Intuition: form a continuous score from a weighted sum of parents.

\[X_j = \mathrm{digitize}(s_j; \tau_{j1}, \dots, \tau_{j(K-1)})\]

Intuition: assign a class based on which bin the score falls into, defined by the cut-points \(\tau_{j1}, \dots, \tau_{j(K-1)}\).

If thresholds are not provided, defaults are set from a theoretical Gaussian quantile grid, not from realized sample quantiles. By default:

threshold_loc = 0.0
threshold_scale is sampled from Uniform(0.5, 2.0)

You can override both explicitly in config.

Compatibility Matrix¶

Supported combinations¶
Child type	Parent types	Structural model	Noise / link
Continuous	Continuous, binary, categorical, or mixed	`linear`, `polynomial`, `interaction`, `sigmoid`, `cos`, `sin`, `stratum_means` (+ optional `post_transform`)	`additive`, `multiplicative`, `heteroskedastic`
Binary	Continuous, binary, categorical, or mixed	`linear`, `polynomial`, `interaction`, `sigmoid`, `cos`, `sin`, `stratum_means`	Latent signal + noise, then logistic link and Bernoulli draw
Categorical	Continuous, binary, categorical, or mixed	`categorical_model = logistic` or `categorical_model = threshold`	Softmax sampling (logistic) or threshold digitization

For random structural weights, additional controls are: random_weight_low, random_weight_high, and random_weight_min_abs. The same random_weight_min_abs exclusion is applied to auto-sampled categorical logistic weights as well.

Forced uniform marginals¶

Set simulation_params.force_uniform_marginals = true to override the default randomized marginals on exogenous nodes:

Exogenous binary (no explicit p): the simulator uses \(p = 0.5\) and generates an exact balanced 0/1 split rather than sampling \(X_j \sim \mathrm{Bernoulli}(0.5)\), eliminating small-sample fluctuations.
Exogenous categorical (no explicit probs): the simulator uses uniform \(\pi_{j,k} = 1/K\) and enforces equal counts per class (with a small remainder distributed at random).
Exogenous continuous: unchanged — distributional parameters are still sampled or read from the config.
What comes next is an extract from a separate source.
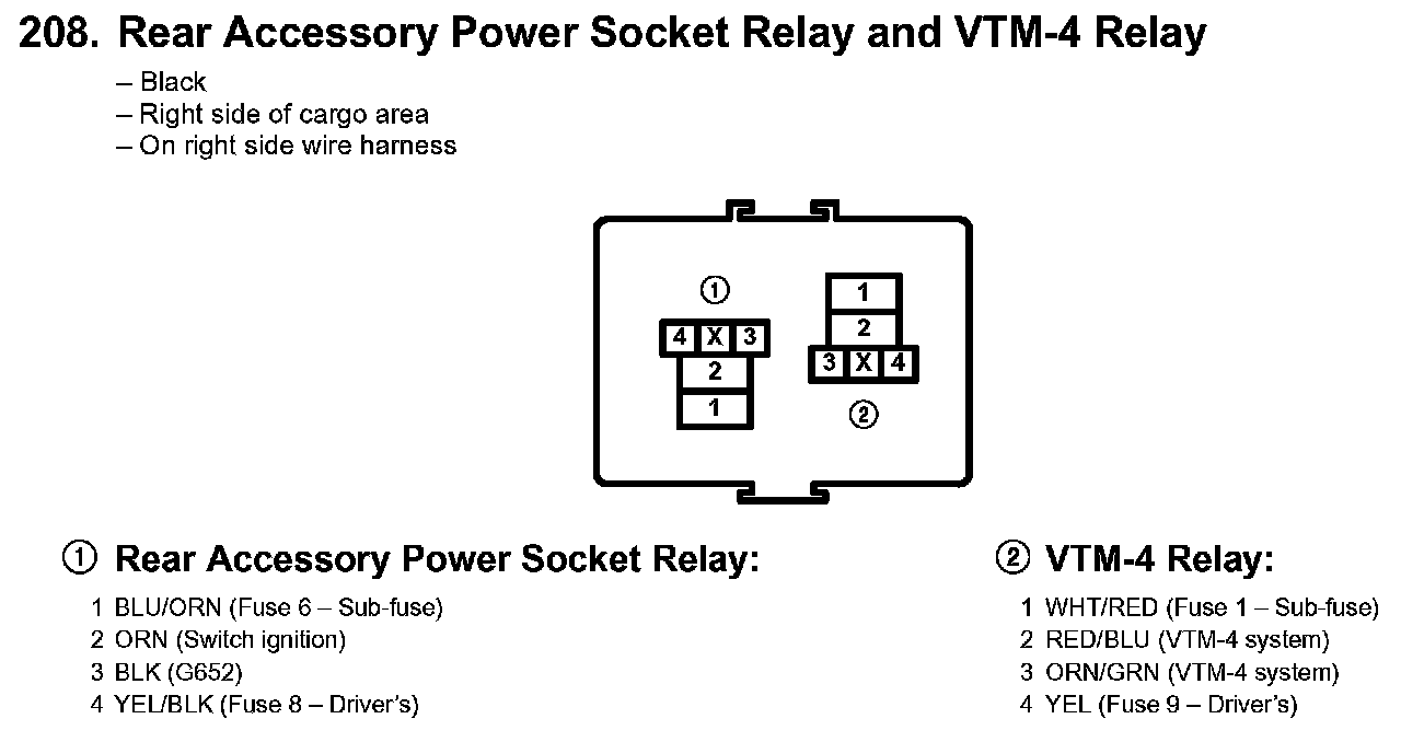 208. Rear Accessory Power Socket Relay And VTM-4 Relay:

If p (binary) or probs (categorical) is explicitly provided, the flag is ignored for that node and your config wins.

Random node-type assignment¶

When graph_params.type = "random" and a node’s type is not pinned in node_params, the simulator samples a type per node according to:

simulation_params.binary_proportion (default 0.4)
simulation_params.categorical_proportion (default 0.0)
the remainder becomes continuous

Categorical parents in metric forms¶

Using categorical parents with linear, polynomial, or interaction is blocked by default (categorical_parent_metric_form_policy = "error"), because treating category codes as metric values can distort the intended DGP.

Set categorical_parent_metric_form_policy = "stratum_means" to auto-redirect such cases to stratum_means.
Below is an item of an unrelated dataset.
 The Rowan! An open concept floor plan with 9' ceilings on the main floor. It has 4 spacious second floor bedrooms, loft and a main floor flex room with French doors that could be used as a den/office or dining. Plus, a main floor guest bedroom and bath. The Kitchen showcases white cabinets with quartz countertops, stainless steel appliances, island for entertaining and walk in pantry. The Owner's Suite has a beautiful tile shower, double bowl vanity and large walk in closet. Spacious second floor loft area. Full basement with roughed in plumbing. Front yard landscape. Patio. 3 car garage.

For mixed parents (categorical + continuous/binary), redirected stratum_means uses:

\[f_j = \mu_{\text{cat-stratum}} + \sum_{p \in \text{metric parents}} w_p X_p\]
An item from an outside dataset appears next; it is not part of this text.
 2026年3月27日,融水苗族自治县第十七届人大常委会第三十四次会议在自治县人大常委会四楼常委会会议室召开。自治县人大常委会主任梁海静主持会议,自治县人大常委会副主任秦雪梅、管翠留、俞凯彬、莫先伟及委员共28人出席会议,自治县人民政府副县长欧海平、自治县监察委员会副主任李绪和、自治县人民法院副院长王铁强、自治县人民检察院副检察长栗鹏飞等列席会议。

where categorical parents select the stratum mean and metric parents contribute an additive linear term.

Stratum means reproducibility¶

For stratum_means with multiple categorical parents, all strata are pre-enumerated and assigned means upfront, ensuring stable DGP parameters even for rare/unseen strata in a particular sample.

CI Oracle (Ground Truth)¶

If simulation_params.store_ci_oracle = true, the simulator stores conditional independence truth values from DAG d-separation:

\[X \perp\!\!\!\perp Y \mid S \iff S \text{ is a d-separator of } X \text{ and } Y \text{ in } G\]

for conditioning sets up to ci_oracle_max_cond_set. Intuition: the oracle records, for every triple \((X, Y, S)\), whether the DAG structure forces \(X\) and \(Y\) to be independent given \(S\) — useful as ground truth for evaluating CI tests.